О таких обычно говорят: «И я так умею!» А еще мне не
понравились в них намеки в стиле Софьи Парнок [22] Увы, я не современна.
Наверное, опять же из-за моей работы. Для меня, акушерки, самое важное –
рождение детей, а они не рождаются от однополых связей. Значит, эти связи
противоестественны и богопротивны. И что еще за змеи там разметались на солнце?
Чепуха, словом.
Я, помнится, тогда пожалела, что не удалось послушать стихов
той девушки с улыбкой-цветком, а потом подумала, что это очень даже хорошо, а то
вдруг ее поэзия разочаровала бы меня. И я забыла о девушке-футуристке до
последнего времени, пока не признала ее в милой супруге полковника
Борисоглебского, с которой встретилась в Предварилке.
Она и впрямь была мила и приветлива со всеми. Она брала своими
крошечными ручками тяжелые свертки и тюки – ведь в тюрьму передавали и подушки,
и тюфяки – и все это терпеливо просовывала в окно. Среди принимающих передачи с
той стороны – полковник Борисоглебский, именно поэтому футуристка и не отходит
от окошка.
Она замечала, что я поглядываю на нее с доброжелательным
вниманием, и всегда особенно мило улыбалась мне. Потом мы познакомились.

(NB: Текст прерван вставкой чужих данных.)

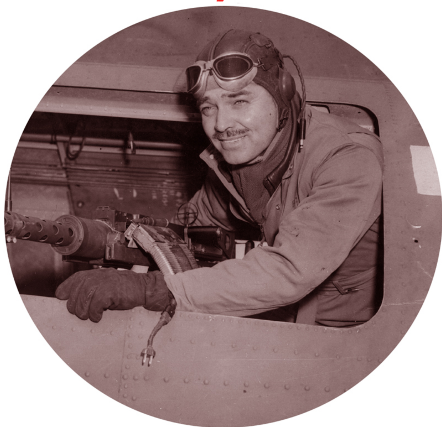
Lt. Clark Gable Army Air Forces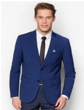
SlimFit Suit Jacket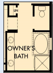
OPTIONAL DROP IN TUB WITH SEPARATE SHOWER AT OWNER'S BATH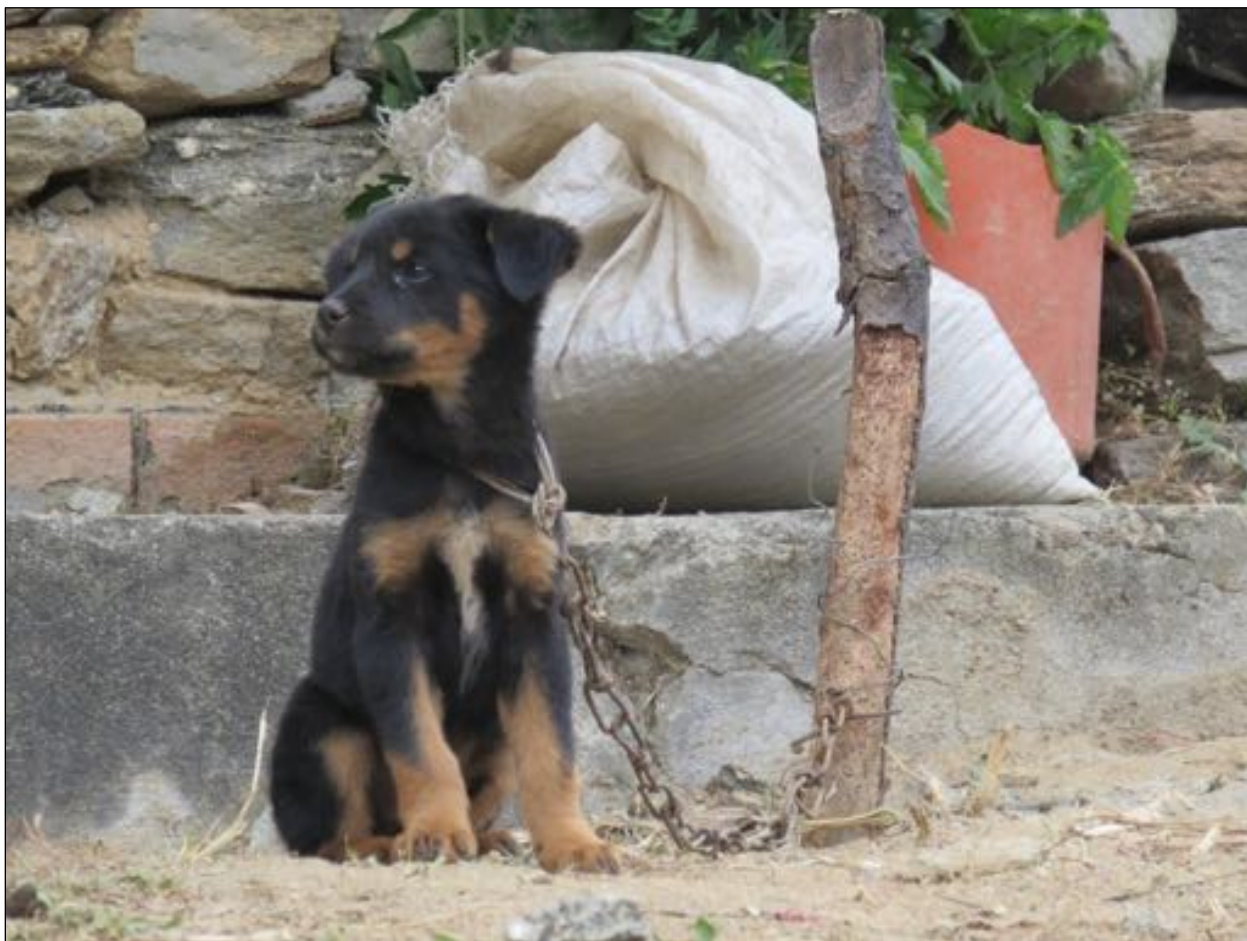
A young dog in Thulo Syafru; canine distemper virus poses a serious risk to red pandas if it is introduced by dogs.

carnivores.” However, this nearly complete reliance on a single bamboo species poses a difficulty, especially when paired with habitat fragmentation; bamboo will remain non-reproductive for many years and then the entire population of an area will flower at once, followed by a total die-off. 4 This necessitates movement by red pandas to find new areas of bamboo in order to survive, but if they are restricted in their movements by habitat fragmentation, their chances of survival are drastically reduced. 4 A further threat is that red pandas are highly susceptible to canine distemper virus, which is lethal to them and there is currently no effective inoculation for red pandas. 4 If canine distemper virus from domestic dogs (either kept or feral) spreads to red panda populations, the results could be catastrophic; and as humans encroach further into the forest bringing dogs with them, the chances of this increase. 4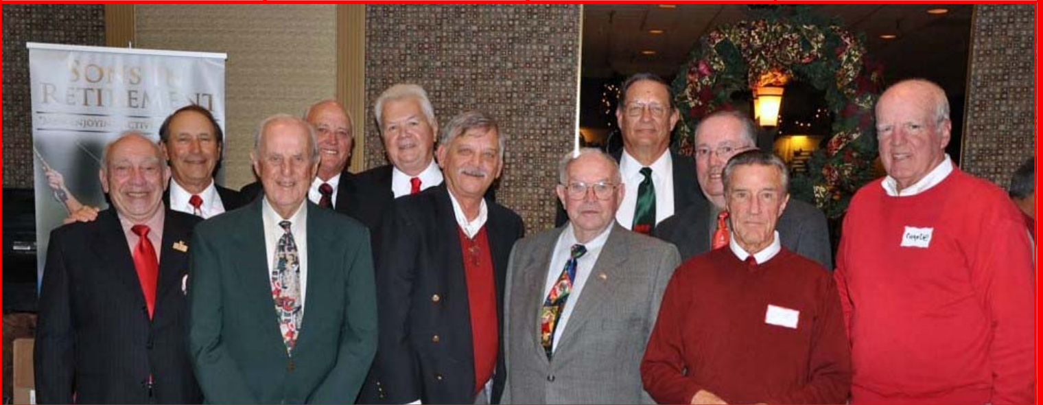
Congratulations to Our 2012 Officers and Directors!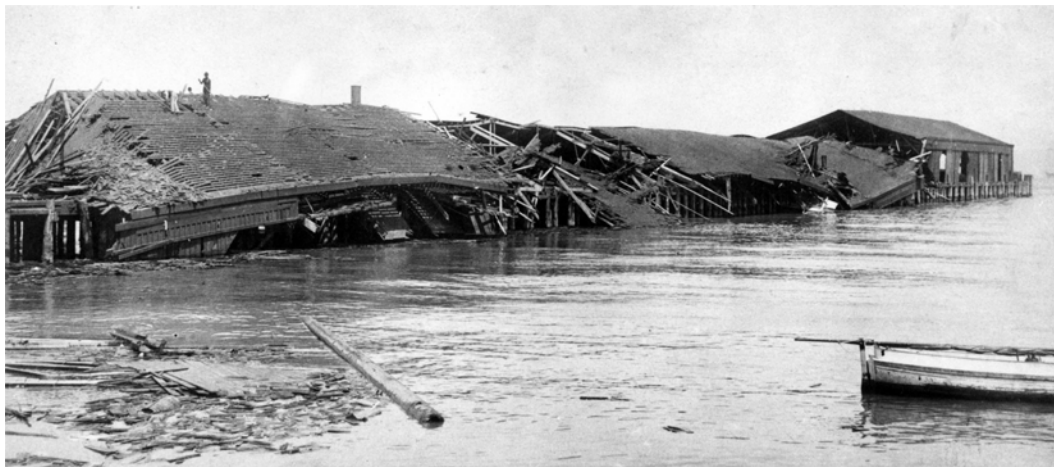
Fig 5: Damaged Wharf—The San Francisco waterfront was saved by the efforts of the Revenue Cutter Service, the US Navy and a few other craft. The preservation of the waterfront facilities aided the city's rebuilding and the landing of food and supplies for the destitute survivors. Pictured is one of the wharfs that did not survive.

The San Francisco Fire Department used nearly thirty fire engine companies over several days to fight the blazes along the three miles of docks. Rear Admiral Caspar F. Goodrich, the commander of the Navy's Pacific Squadron, ordered several cruisers and other ships to San Francisco after the disaster. Some of these warships arrived on the 19 th , and sent parties ashore to help with the fire fighting and to keep order. Shortly after the quake shook the city, the destroyer Preble with all the available surgeons and nurses, the tug Active , and the fireboat Leslie steamed there from the Mare Island Navy Yard and met the tug Sotoyoma in the bay. The revenue cutters in the harbour joined them. 13

К
слову сказать, постоянные посетительницы немного знакомы между собой. Недавно
она вдруг сказала мне – доверчиво, словно младшая сестра старшей:
– Знаете, Татьяна Сергеевна, в прошлую пятницу мой муж смог
подойти так близко к окошку, что я исхитрилась протянуть ему руку, и он
поцеловал мои пальцы и даже проговорил несколько слов. Ах, кабы сегодня удалось
мне улучить мгновение шепнуть Алешеньке, что дело его почти закончено, что он
скоро будет дома!
– Откуда вы знаете, Анастасия Николаевна? – не сдержала
удивления я.
Ее розовый рот вновь расцвел чудной улыбкой:
– Мне сказали. Мне обещали наверняка. Теперь свобода моего
мужа – вопрос нескольких дней!
Я улыбаюсь в ответ на ее откровенную радость, но смотрю с
недоумением. Кто мог сказать такое? Неужели этой очаровательной девочке удалось
попасть на прием к одному из двух самых страшных людей петроградской Чеки,
которые ведают судьбами заключенных, – к Озолину или Рончевскому? Причем из них
двоих, как говорят, Озолин более человечен. Если он ведет дело, еще есть
надежда переломить его ход. От Рончевского же не вырвешься… Наверное, дело
Борисоглебского у Озолина. Ну что ж, дал бы бог, дал бы бог…
У Анастасии Николаевны такое чудесное настроение, что мы
даже немножко отвлекаемся от реальности и болтаем о прошлом. Я напоминаю ей тот
литературный вечер у княгини Юсуповой, описываю ее разноцветное платье, и
Анастасия Николаевна смеется:
– Это оттого, что в ту пору меня звали Коломбиной. Потому и
платье разноцветное. У нас, у поэтов, тогда непременно надо было зваться
Коломбинами, Пьереттами да Арлекинами. Ужас, да?
И она заливисто хохочет, вспоминая о прошлом, хотя ужас –
вот он, рядом с нами, вокруг нас. Ужас – это наше настоящее, я уж не говорю о
будущем…
– А как называли вашу подругу, помните, с перьями и в
рыболовной сети? – спрашиваю я, умалчивая, разумеется, о других приметах сей
экстравагантной особы.
Лицо Анастасии Николаевны словно освещается изнутри:
– Оленьку? Ее называли Арлезианкой. Очень красиво, верно?
Если не ошибаюсь, это какое-то цыганское племя… Впрочем, не помню. Хотя у нее и
литературный псевдоним был прелестный: Елена Феррари. Она под псевдонимом была
у нас в группе, ее настоящее имя я узнала вот только что, на днях.
– Как? – изумляюсь я. – Вы до сих пор дружите?
– Нет, мы и прежде вовсе не дружили и все это время не
встречались, однако буквально два дня тому назад она вдруг…
Договорить не удается: Анастасия Николаевна видит в окошко
своего мужа, и более ничто для нее не существует!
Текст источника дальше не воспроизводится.